When
people look back, and they often do, at great World Championships, nobody ever
mentions 1993.
The
annual Crucible marathon is invariably remembered for its final. Nobody ever
fondly recalls the 1993 final.
Well,
with one exception: Stephen Hendry.
Ask
Hendry for his personal best memory from his years of dominance and it isn’t his
1992 comeback win against Jimmy White or his capture of their decider in 1994.
It’s
his win with a session to spare in between. In 1993, he was so much better than
everyone else that the tournament became a procession. Hendry beat White 18-5.
There was no late night drama, just a series of repeats to fill the BBC2
schedule (whatever the equivalent of 'Coast' was back then).
This was an exciting time to be young: John Major was prime minister, Eldorado had replaced Terry Wogan's chatshow and the rise of 2 Unlimited showed no signs of abating.

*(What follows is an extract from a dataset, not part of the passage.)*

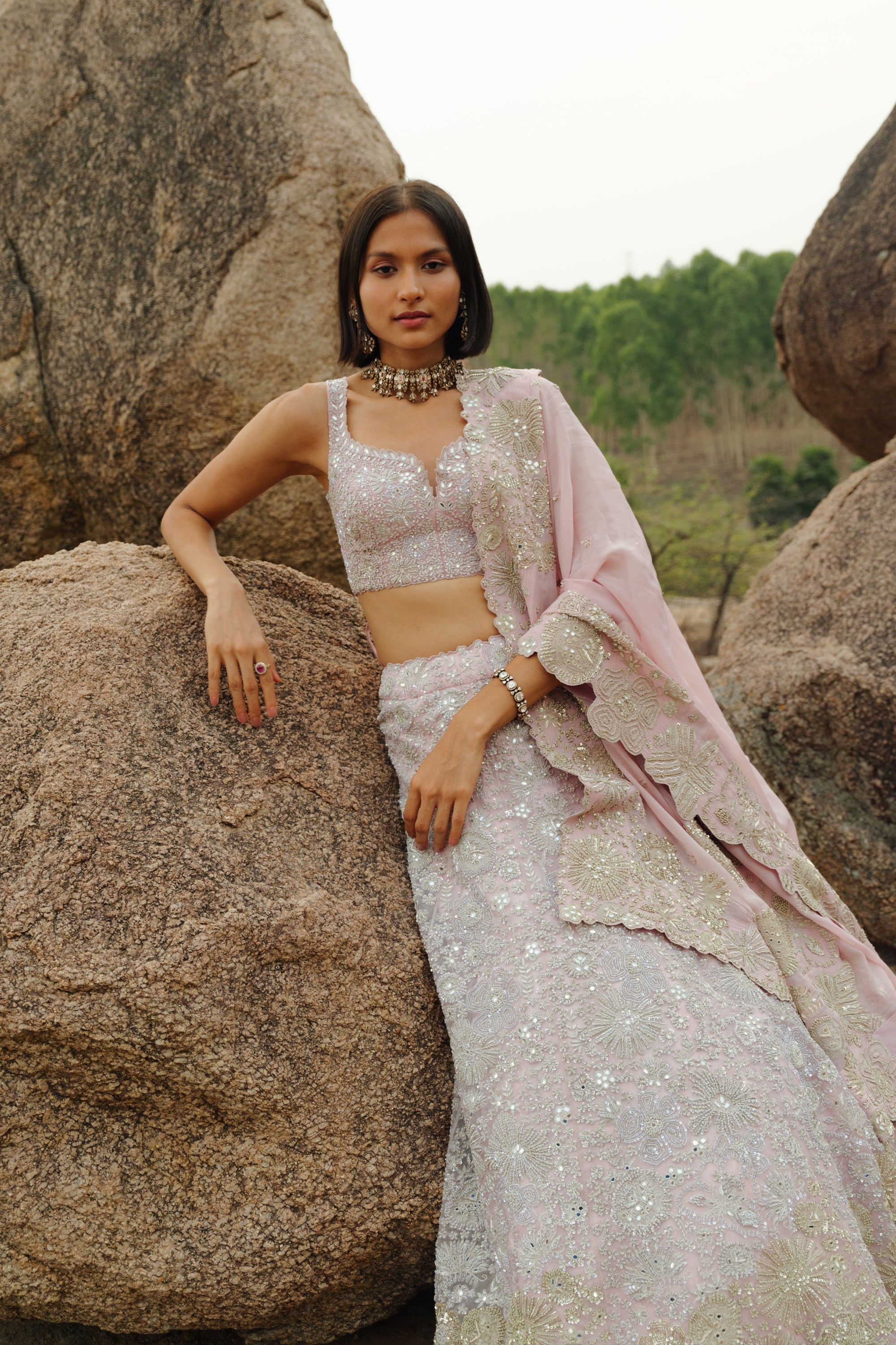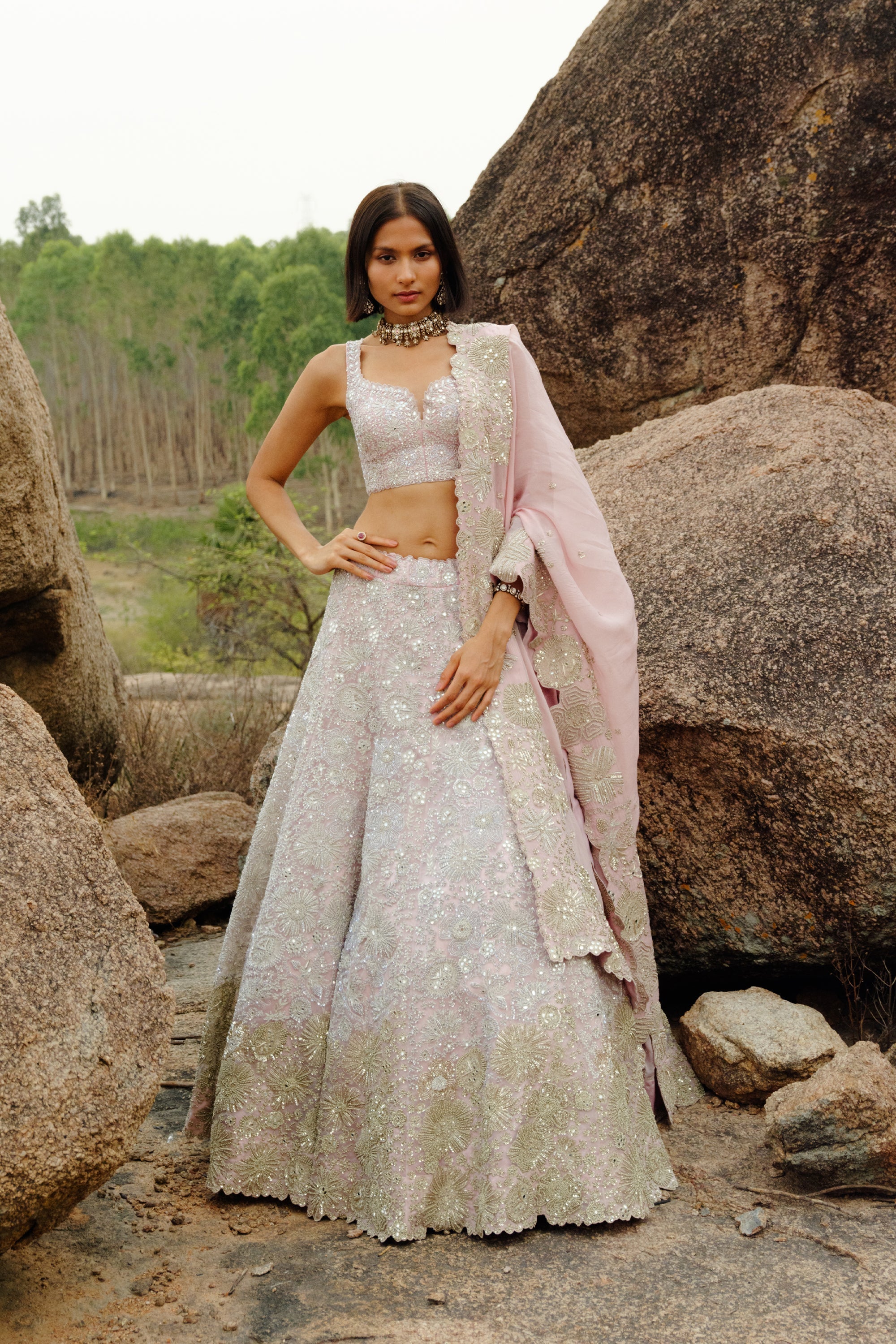 Champagne pink silver and gold gradation embroidered lehenga paired with encrusted blouse and dupatta

Against this life-affirming backdrop, a young Scotsman was dominating snooker.
The
first thing to say about the 1993 World Championship is that the qualifiers
were played closer to the previous year’s event, in September 1992.
This
helped produce an eclectic field of players in some cases rarely seen since.
There
was Spencer Dunn. There was John Giles. There was Shaun Mellish.
There
was Karl Payne, a blond West Midlander who sported three different haircuts for
his match against Martin Clark and later appeared on Stars in Their Eyes as
Rick Astley.
There
was also Ronnie O’Sullivan, just 16 when he qualified, who won ten matches to
reach the Crucible.
O’Sullivan
lost 10-7 in the first round to Alan McManus, a creditable performance given
that McManus was one of the title favourites.
Indeed,
on day one of the event, the BBC’s David Vine wrote his pick as to who would be
champion in a sealed envelope to be revealed on the final day (there was no Twitter, indeed barely an internet).
McManus was his
choice. BBC integrity still being highly prized in those days, Vine duly
unsealed the envelope during the final, just before introducing a montage put
together by the ‘back room boys’.
How
much simpler these times were.
Because
the qualifiers had been held months before the final stages, many of the
players who made it to Sheffield were in fact out of form by the time the tournament
began on April 17.
There
were a slew of runaway victories in the first round with seven of the 16
matches finishing 10-4 or under.
Hendry
ran through Danny Fowler 10-1. Fowler had been a dustman in a previous life and
was later reported to be driving a pick-up truck on a maggot farm.
Steve
Davis, still very much a contender, gained revenge on Peter Ebdon for his
defeat in the first round the previous year but came unstuck against McManus in
the last 16, although not before he made the highest break at the Crucible
for the fourth and last time with his 144.
A
Hendry-White final was again on the cards. White saw off Joe Swail, Doug
Mountjoy, Dennis Taylor and James Wattana to reach his fifth world final.
Hendry
reached the semi-finals having lost only 12 frames in three matches. In the
last four, he faced McManus. To mark this all Scottish affair the players were
led into the arena before one session by a lone bagpiper.
These
days it would probably be some Herbert doing the Gangnam Style dance but there
was no Youtube in 1993 and somehow we coped.
The
second session proved key here. From 4-4, Hendry pulled away to lead 10-5 and
won 16-9.
And
so it was Hendry v White again, but this time there was no drama. Hendry won
the first session 5-2 and the second 7-2. He won six of the seven frames on the
third afternoon to leave the evening with no snooker at all.
He
made three centuries and ten half centuries in the final. Hendry had made eight
of the 35 centuries recorded in the final stages.
This
is 20 years ago but of the 32 players who comprised the final stages, only
seven – O'Sullivan, White, McManus, Davis, Ebdon, Nigel Bond and Tony Drago – are still on
the circuit.
Two,
Clark and Gary Wilkinson, now work for World Snooker’s tournament team. Many of
the others have drifted away from snooker.
The
1993 World Championship wasn’t regarded as a vintage tournament. It doesn’t
feature in lists of great snooker moments.
But
it marked perhaps the high watermark of Hendry’s dominance of the game’s
greatest event and this is reason enough to remember it.